With rising inequality challenging economies in developed countries, it is hard to understand why Ontario’s Tories would pursue a labour agenda that would only serve to further widen levels of inequality.

PC leader Tim Hudak’s promise to scrap the Rand Formula and wage war on labour is based on the badly misnamed “right to work” (RTW) movement in the United States. Hudak ignores the fact that Scandinavian Countries, with much higher rates of unionization than Canada or the United States, have far surpassed North America in raising living standards for its citizens over the last 30 years. Yet even in today’s difficult economic environment Sweden is second only to Germany among European countries in attracting new business investment.

Yesterday we discussed the lack of evidence to suggest RTW States had any economic advantage over their free-bargaining counterparts. In the case of Oklahoma, it appears to have had the reverse effect.

When Michigan debated whether to adopt similar RTW laws, the State of Mississippi was offered up as a RTW model of economic growth. The U.S. Chamber of Commerce suggested that if Michigan were more like Mississippi, it would gain more jobs and experience lower unemployment.
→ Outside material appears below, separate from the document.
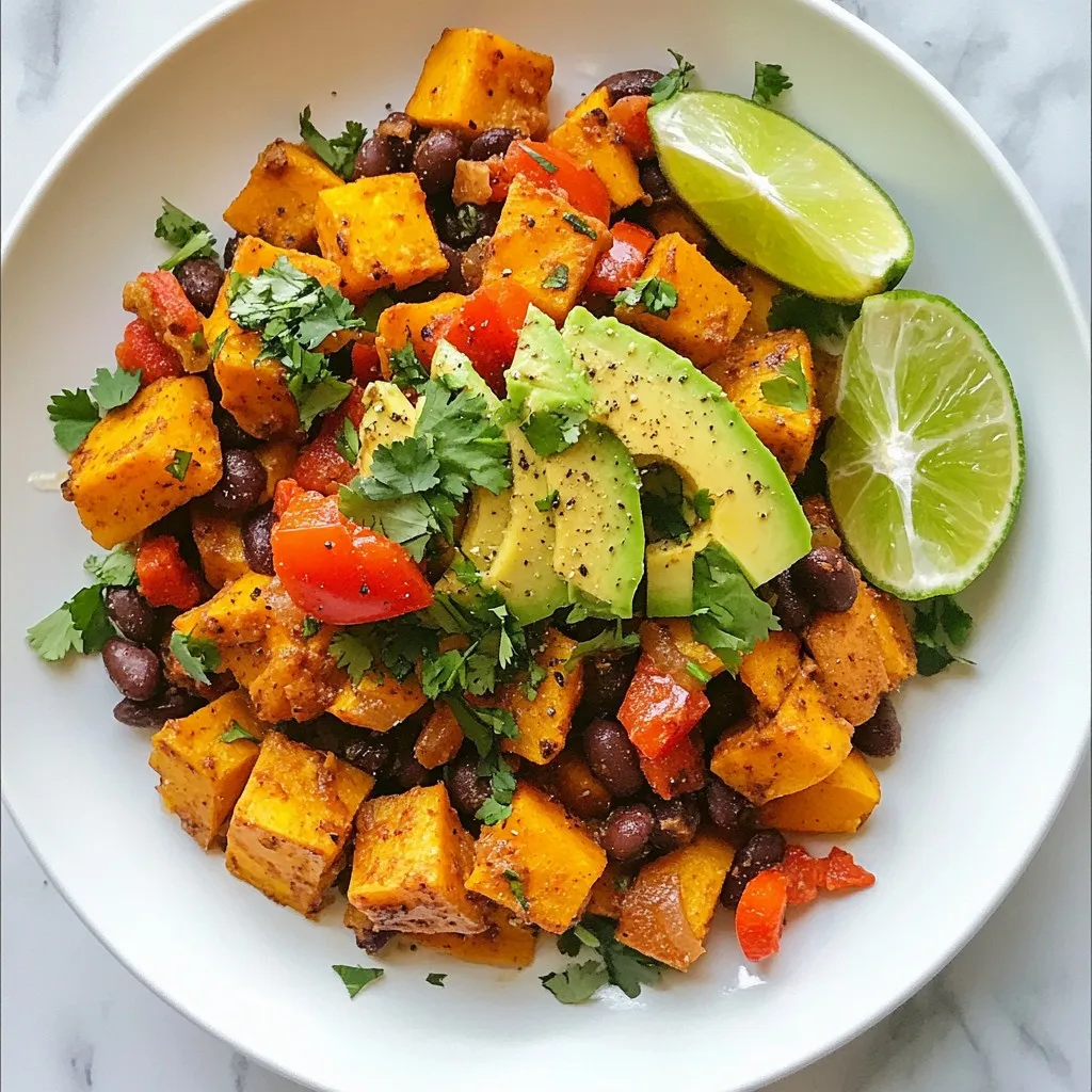 A vibrant and flavorful skillet dish featuring sweet potatoes, black beans, and spices, topped with avocado and cilantro.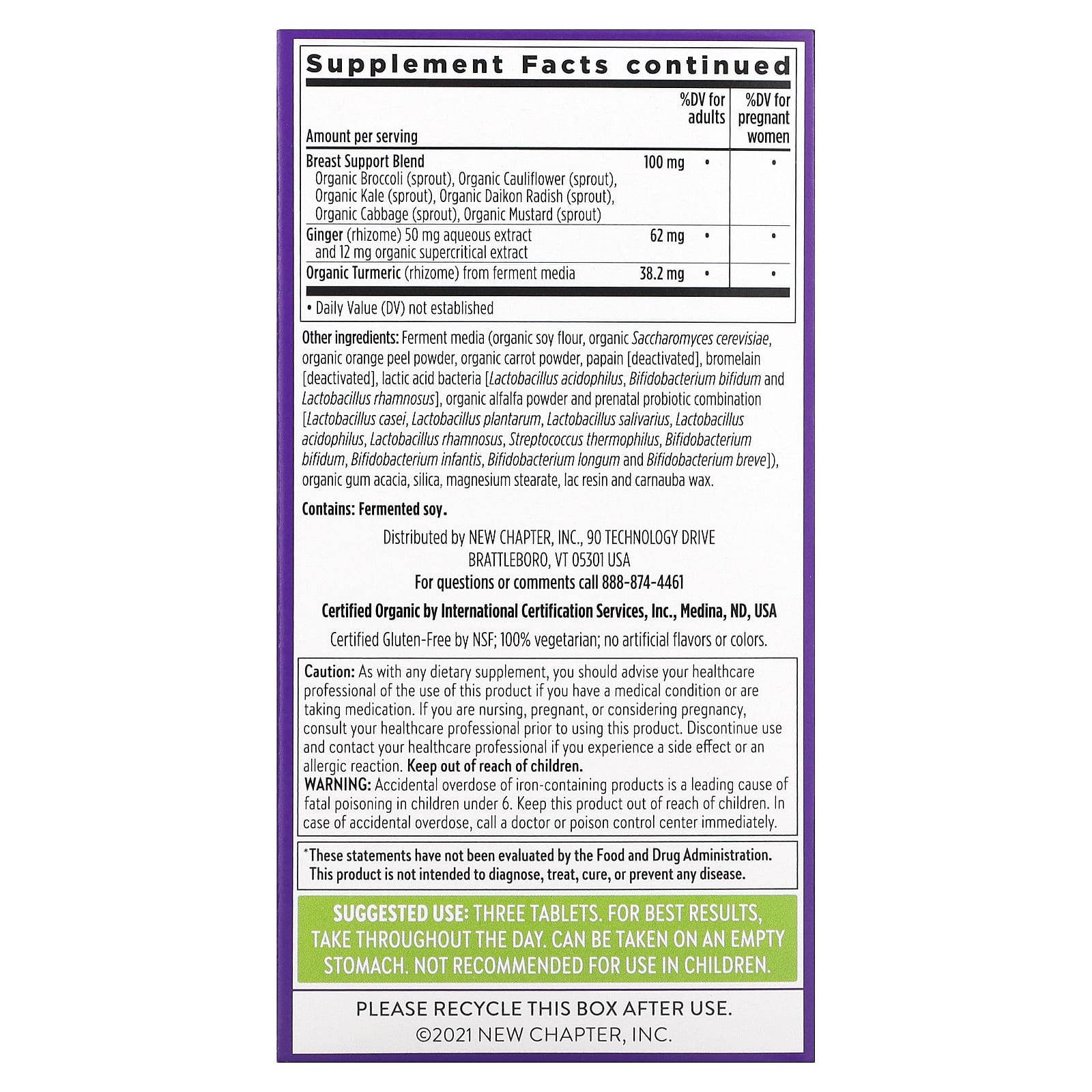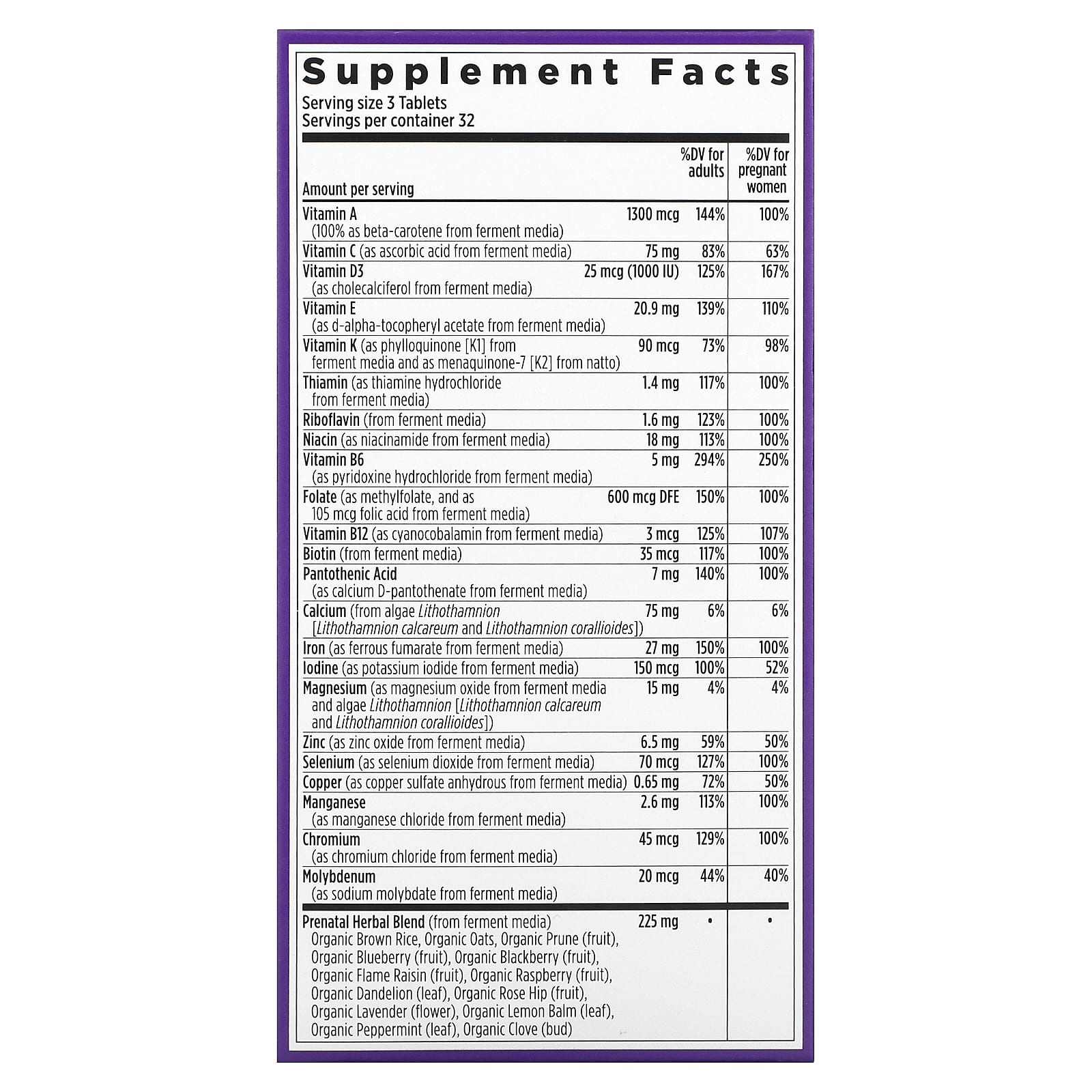 Ферментированная среда (органическая соевая мука, органические пекарские дрожжи (Saccharomyces cerevisiae), органический порошок из цедры апельсина, органический порошок из моркови, папаин [деактивированный], бромелаин [деактивированный], молочнокислые бактерии [лактобактерии ацидофилус (Lactobacillus acidophilus), бифидобактерия бифидум (Bifidobacterium bifidum) и лактобактерии рамнозус (Lactobacillus rhamnosus)], органический порошок из люцерны и комбинация пробиотиков для беременных [лактобактерия казеи (Lactobacillus casei), лактобактерия плантарум (Lactobacillus plantarum), лактобактерия саливариус (Lactobacillus salivarius), лактобактерии ацидофилус (Lactobacillus acidophilus), лактобактерия рамнозус (Lactobacillus rhamnosus), стрептококк термофильный (Streptococcus thermophilus), бифидобактерия бифидум (Bifidobacterium bifidum), бифидобактерия инфантис (Bifidobacterium infantis), бифидобактерии лонгум (Bifidobacterium longum) и бифидобактерия бреве (Bifidobacterium breve)], органическая аравийская камедь, диоксид кремния, стеарат магния, природная смола и карнаубский воск.

The U.S. Economic Policy Institute points out that citizens of formerly free-bargaining Michigan were already far better off than their Mississippi counterparts despite the downturn in the auto industry. Mississippi’s constitution entrenched RTW and the State has among the lowest rates of unionization in the U.S. Mississippi is also dead last in median household income and is first in poverty – a rate that is a shocking 50 per cent higher than Michigan’s. It is also first in infant mortality and 48th out of 50 States in the number of doctors per capita.